1

I am trying to train a NN model in MATLAB to predict the amount of overflow for flooded junctions in an urban runoff system and I have 45 samples and 15 features. The issue is, I don't think 45 samples are quite enough for predictive modeling. Is there anything I can do to have a have good model without the need to augment my dataset (maybe training another model instead of NN is a better choice?), or should I just jump right into data augmentation techniques? Is data augmentation even a wise choice?

Ari
  • 11

1 Answers1

0

As I wrote yesterday, there are issues with data augmentation. If you have a small sample size, you put yourself at similar risk of overfitting as you would be fitting a complex model, and if you have a large sample size where that is not such a concern, then I question the need to synthesize artificial data.
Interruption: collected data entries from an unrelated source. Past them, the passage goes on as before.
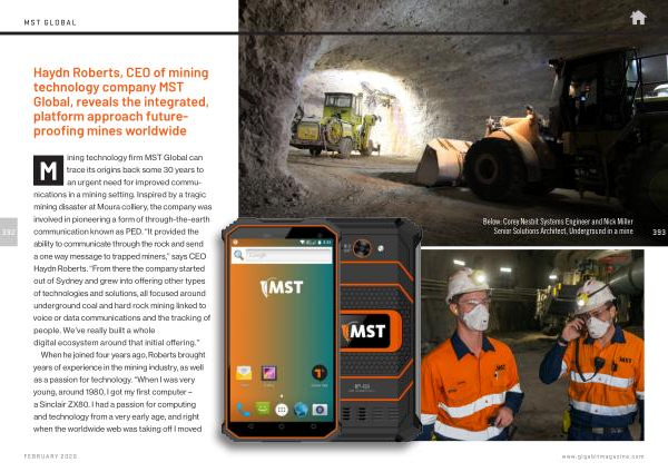 M ining technology firm MST Global can trace its origins back some 30 years to an urgent need for improved communications in a mining setting . Inspired by a tragic mining disaster at Moura colliery , the company was involved in pioneering a form of through-the-earth communication known as PED . “ It provided the ability to communicate through the rock and send a one way message to trapped miners ,” says CEO Haydn Roberts . “ From there the company started out of Sydney and grew into offering other types of technologies and solutions , all focused around underground coal and hard rock mining linked to voice or data communications and the tracking of people . We ’ ve really built a whole digital ecosystem around that initial offering .”
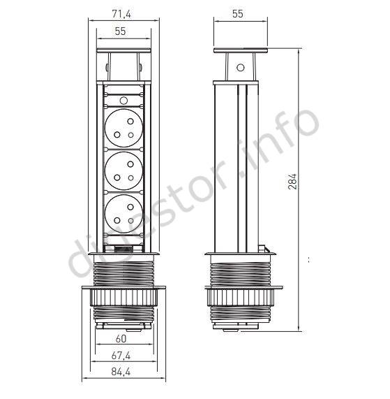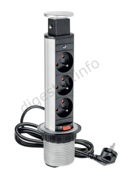 Rozvodka kancelárska - Stĺpik 60mm 3x230V, Strieborná, Vstavná / Výsuvná, AE-BPW3U60-80
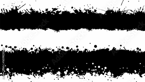 Vector black ink splatters and brush strokes arranged horizontally across a white background creating abstract art
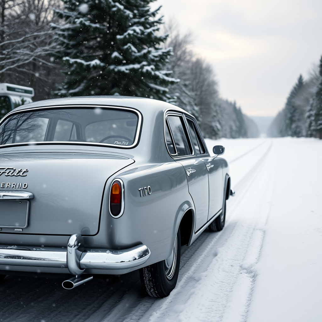 Imagine a vintage 1960 silver Fiat Tipo 2018 sedan gracefully navigating a snow-covered road in a serene winter landscape, captured in hyper-realistic detail. The scene features intricate reflections on the car's polished exterior, with snowflakes gently falling around it and the soft, diffused light of an overcast sky enhancing the timeless elegance of the classic vehicle.
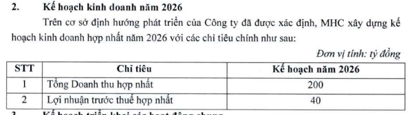 Trước đó, kết thúc năm 2025, MHC ghi nhận doanh thu 400,5 tỷ đồng, gấp đôi kế hoạch đề ra. Lợi nhuận trước thuế đạt 196,87 tỷ đồng, vượt xa mục tiêu 30 tỷ đồng, tương ứng mức hoàn thành hơn 650%. Trong đó, hoạt động đầu tư đóng góp tới 88,95% tổng doanh thu.
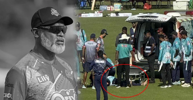 கில்ஹெட் சர்வதேச கிரிக்கெட் மைதானத்தில் டாக்கா கெப்பிட்டல்ஸ் அணியின் தொடக்க ஆட்டம் ஆரம்பமாவதற்கு சில நிமிடங்களுக்கு முன்பு திடீரென மைதானத்திலேயே மயங்கி சுருண்டு விழுந்துள்ளார்.
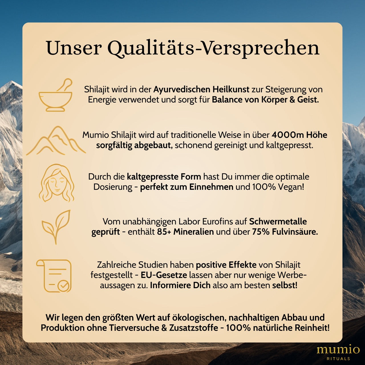 Shilajit entfaltet seine Wirkung am Besten, wenn es über einen längeren Zeitraum eingenommen wird. Deswegen bieten wir Dir ein Shilajit-Abo an, in dem Du monatlich Mumio Shilajit Minis mit 25% Rabatt erhältst! Das Abo kannst Du jederzeit unkompliziert kündigen oder pausieren. Gehe einfach in der Abo-Bestätigungs-Mail auf den Link "Abo verwalten" oder schreibe uns eine Email unter info@mumio-rituals.de.
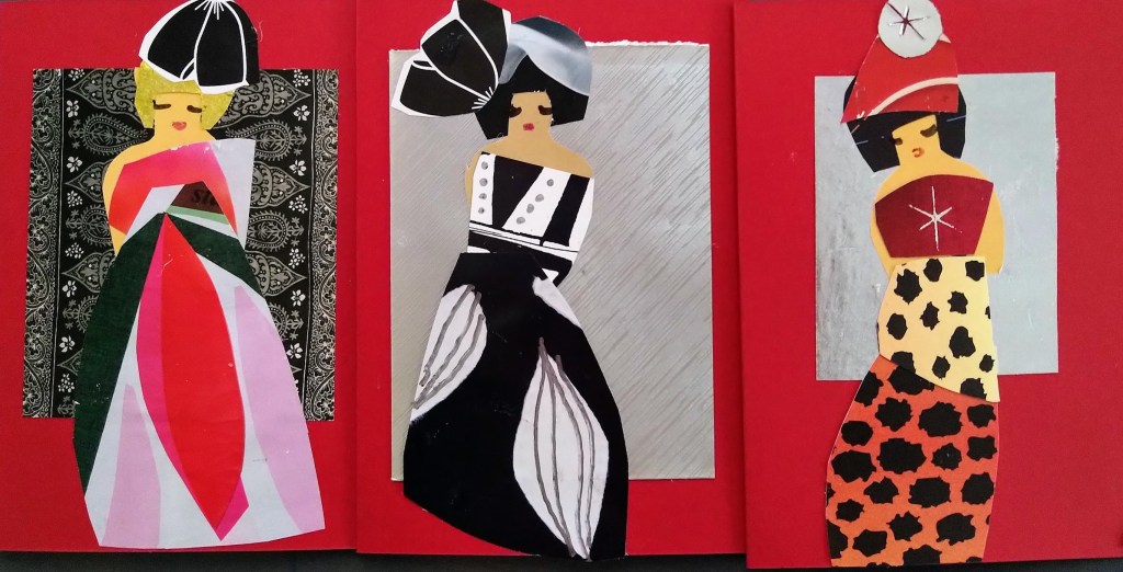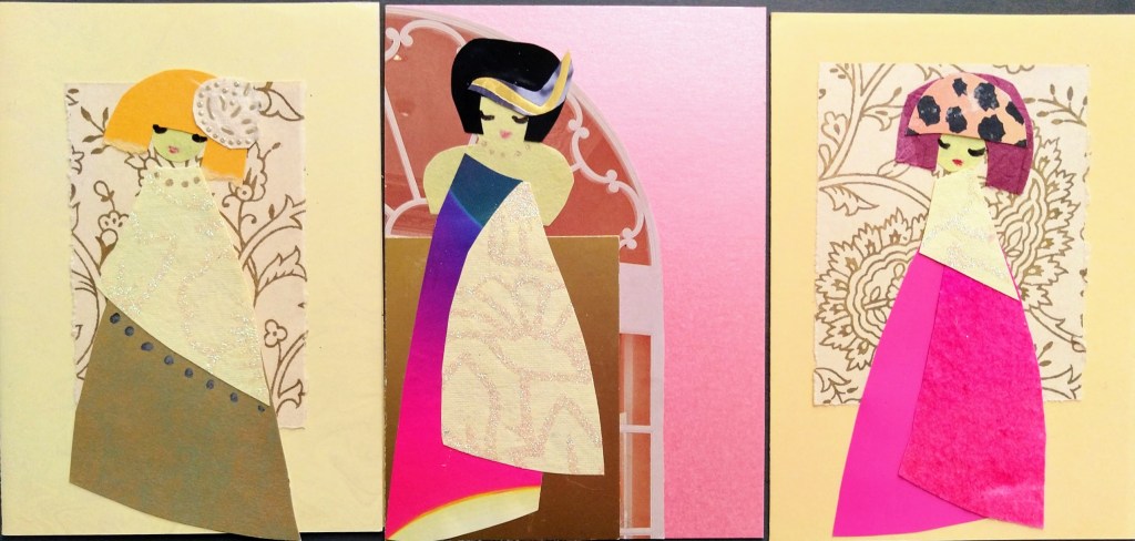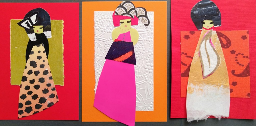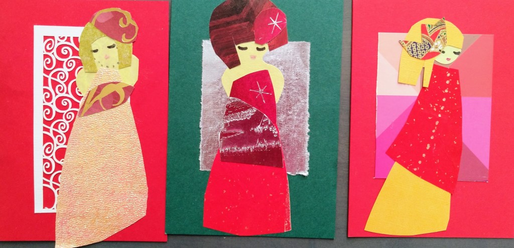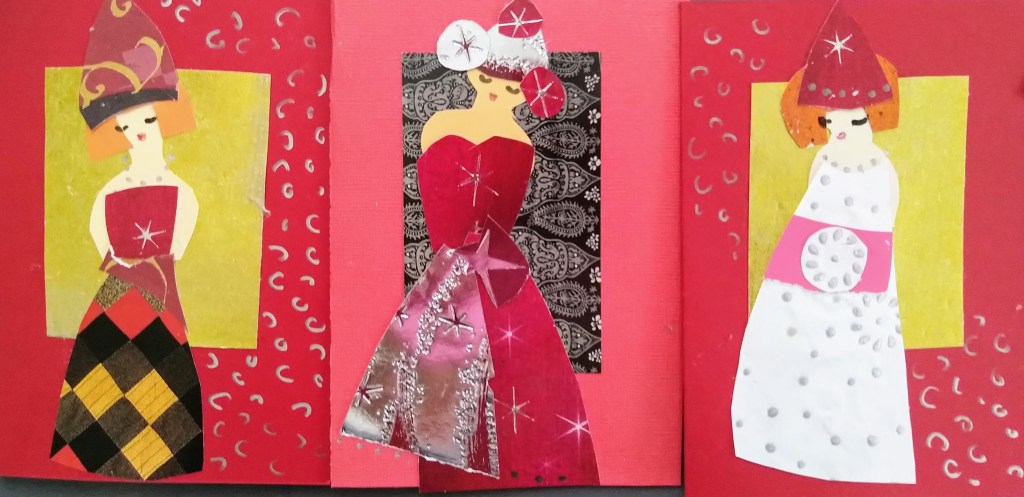 Oli ilo sommitella värikkäistä paperinpaloista asuja neitosille. Voi olla, että ystävät saavat tänä vuonna omatekoisen uniikkikappaleen!
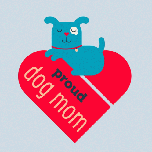 A cute blue cartoon dog with a red collar lies on a red heart that reads 'proud dog mom'.
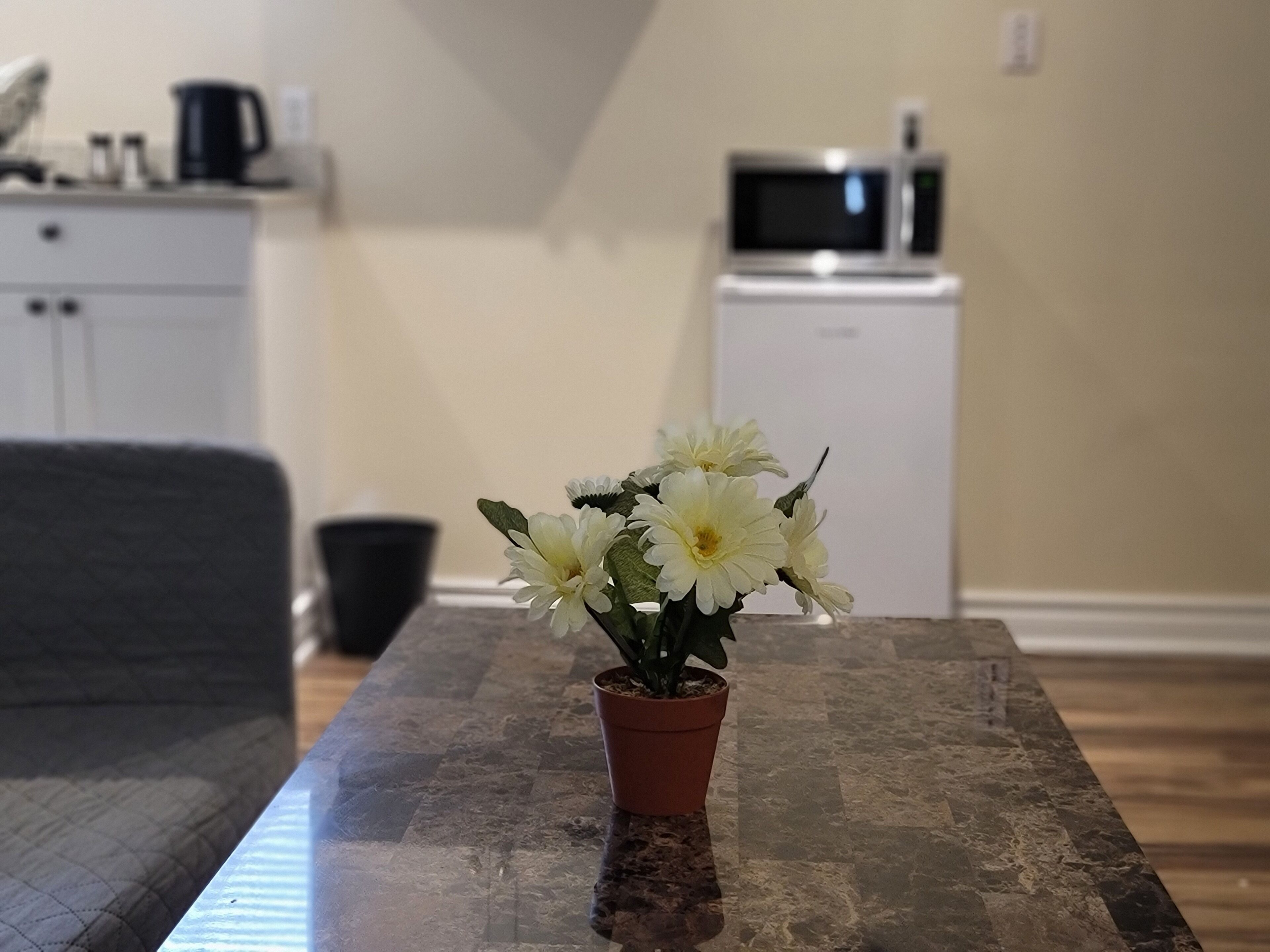 Perfect retreat for families, professionals, or small groups exploring the city. Fully Equipped Kitchen with microwave, LG fridge, portable cooktop, Keurig, toaster and cookware.

With just $45$ observations, you lack the sample size to do sophisticated modeling like neural networks (unless you just want to learn the mechanics of writing neural network code). Unless this overflow follows a simple pattern, consistently strong performance is unlikely.

My suggestion is to work with a simple model like a linear regression on a few features, perhaps three to five features, following a rule-of-thumb for using one feature per $10$-$15$ observations. This is unlikely to achieve the kind of performance that you would get from sophisticated modeling on a large data set, but this is probably all your data will allow.

Dave
  • 62,186